Некоторым удалось покинуть крепость до вторжения. Долго идти в скорбных вереницах — исход от безысходности. Все были как-то одинаково смущены и вместе с тем отчуждены. Мужики в ста одёжках, перетянутые пуховыми платками, шли рядом с телегами, на которых ехали старики в ермолках, надвинутых на глаза, смятое ведро покачивалось, шуршало сено. Везде чемоданы, мешки и обстановка, шпон на мебели истерзан, ножки стульев словно зубцы короны. Объяснением того, что они снялись с места до появления, могло служить ложное чувство или надуманный опыт других людей, перешедшие в ассоциации со сбором вещей и уходом в тот момент, когда все это уже делали.
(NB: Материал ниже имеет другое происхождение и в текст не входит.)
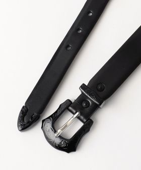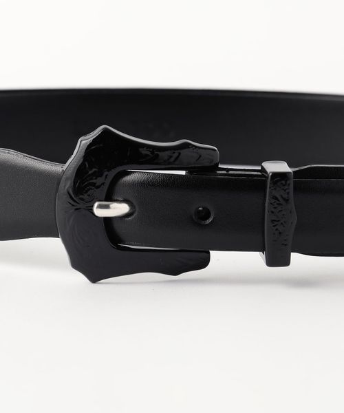 ブラックカラーのメタルバックルがモードな雰囲気漂うベルト。

В ретроспективе же им представлялось очевидным, что пожертвовать меньшим ради спасения большего являлось необходимостью и предопределялось изначально. С хвоста вереницы им гудели шофэры, видимо, идиоты, младенцы кричали за пазухой, мальчишки в канотье, приставленные к коляскам на тонких ободах восьмёрками, старухи с нездешними лицами держались за борта телег, дети постарше, отстоявши своё право на личные вещи, были впряжены в пониженные двуколки или тащили носилки с тёмно-синими одеялами. Стойкость словно у героев нуара. Более особенной причинности для самоопределения сложно себе представить.
— Мать, а мать?
— Чего?
— А нас спасут?
— А не жирно будет?
— А как это, жирно?
— Да припомни хоть блины.
— Я воль, припомнил, только хуже стало.
Скотина послушно брела, у фургонов сносило матерчатые своды, в сени меловых утёсов, на срезах которых порода пластами переходила в чёрную землю, брикеты с бутылками молока в оплётке, сзади столп дыма всё выше, старались не оглядываться на него. Чёрный дым безобразен. Ожидание у недавно сколоченных козел, барьеров, серпы очередей вдоль речных пляжей, узлы уже, кажется, не с добром и свёрнуты не из постельного белья, сундуки на телегах накренились, выступаю, появляюсь, возникаю, существую — это всё в прошлом, мал мала меньше и не один раз, в толпе, среди незнакомых людей, уже невозможно сосредоточиться на своей семье, как раньше, первобытные шагомеры давно не справляются, старухи в колоннах настолько невесомы, что их следы в целине нельзя различить. Передние колёса увязли в грязи — не гроттаж, впечатанные в плечи постромки — не декалькомания. Через несколько дней все толпились на сходнях, выбирались по отрубленному фалиню уже с воспалением лёгких, устав в первую очередь душевно, когда цвет кожи, координация, жизнь на вдохе, огонь глазных яблок, разумное желание не подвергаться опасности представляют собой уже не акт набора мужества, как было раньше, а некий «автоматический режим», во всём этом мало человеческого.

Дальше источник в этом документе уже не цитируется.